Measurement of multiple R 1 values at different Larmor frequencies and/or R values at different spinning frequencies and rf-field strengths can in some cases be sufficient to determine both the timescale (τ c) and amplitude (S 2) of a motion or even multiple motions. However, depending on the correlation time of a given motion, it may be difficult to determine these parameters accurately because their fit values can be strongly correlated. In this case, when using the model-free approach, one can determine the total S 2 independent of the correlation time by directly measuring the magnitude of the incompletely-averaged dipolar coupling of the spin pair in question.
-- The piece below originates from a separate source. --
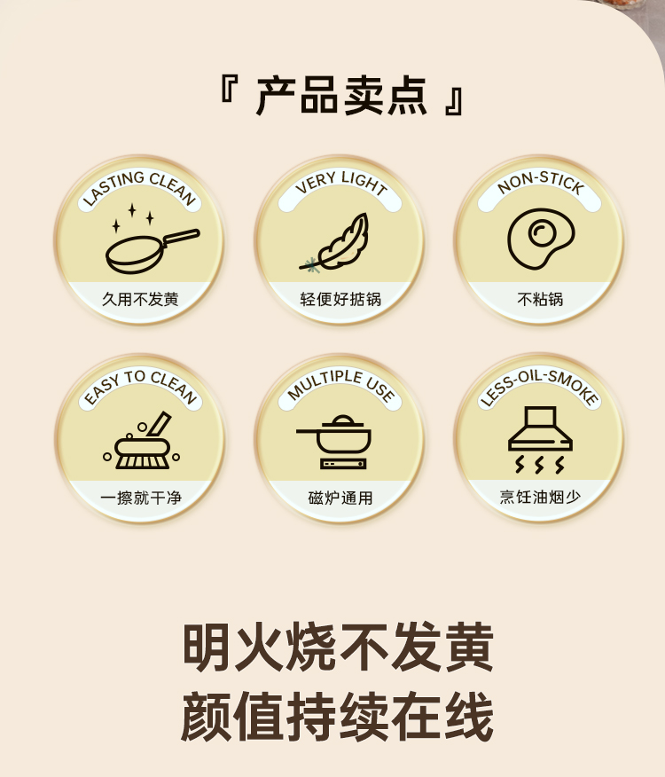 1、健康不粘涂层,纳米喷涂陶瓷外壁耐磨不怕烧久用不发黄,煎饼煎蛋轻松拿捏轻松下厨,省时省心,锅身轻便,掂锅不累下厨做美食,轻松拿捏。

In this case, the observed dipole coupling is related to S 2 by its ratio to the rigid-limit dipole coupling (calculated using the vibration-averaged bond distance):

$$S^{2} = \left( {{{\delta_{\text{obs}}^{\text{IS}} } \mathord{\left/ {\vphantom {{\delta_{\text{obs}}^{\text{IS}} } {\delta_{\text{rigid}}^{\text{IS}} }}} \right. \kern-0pt} {\delta_{\text{rigid}}^{\text{IS}} }}} \right)^{2}$$
(8)

If motions on multiple time scales are present, then the S 2 determined by direct measurement of the dipolar coupling will be the product of all order parameters of the different motions acting on the dipole coupling.
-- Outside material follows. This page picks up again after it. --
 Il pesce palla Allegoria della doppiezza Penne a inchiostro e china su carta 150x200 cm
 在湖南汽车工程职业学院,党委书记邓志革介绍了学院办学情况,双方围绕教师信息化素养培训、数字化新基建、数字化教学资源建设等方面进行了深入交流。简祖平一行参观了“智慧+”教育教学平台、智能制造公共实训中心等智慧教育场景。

$$S^{2} = S_{ 1}^{2} \cdot S_{ 2}^{2} \cdot \ldots$$
(9)

Note that if the timescale of a motion is slower than the recoupling rate of the experiment used to measure S 2, then this motion will not be observed via the order parameter. For a 1H–13C one-bond dipole coupling (δ = 44.8 kHz), this means that sensitivity of the recoupling experiment to slow motions will begin to degrade for correlation times of tens of microseconds.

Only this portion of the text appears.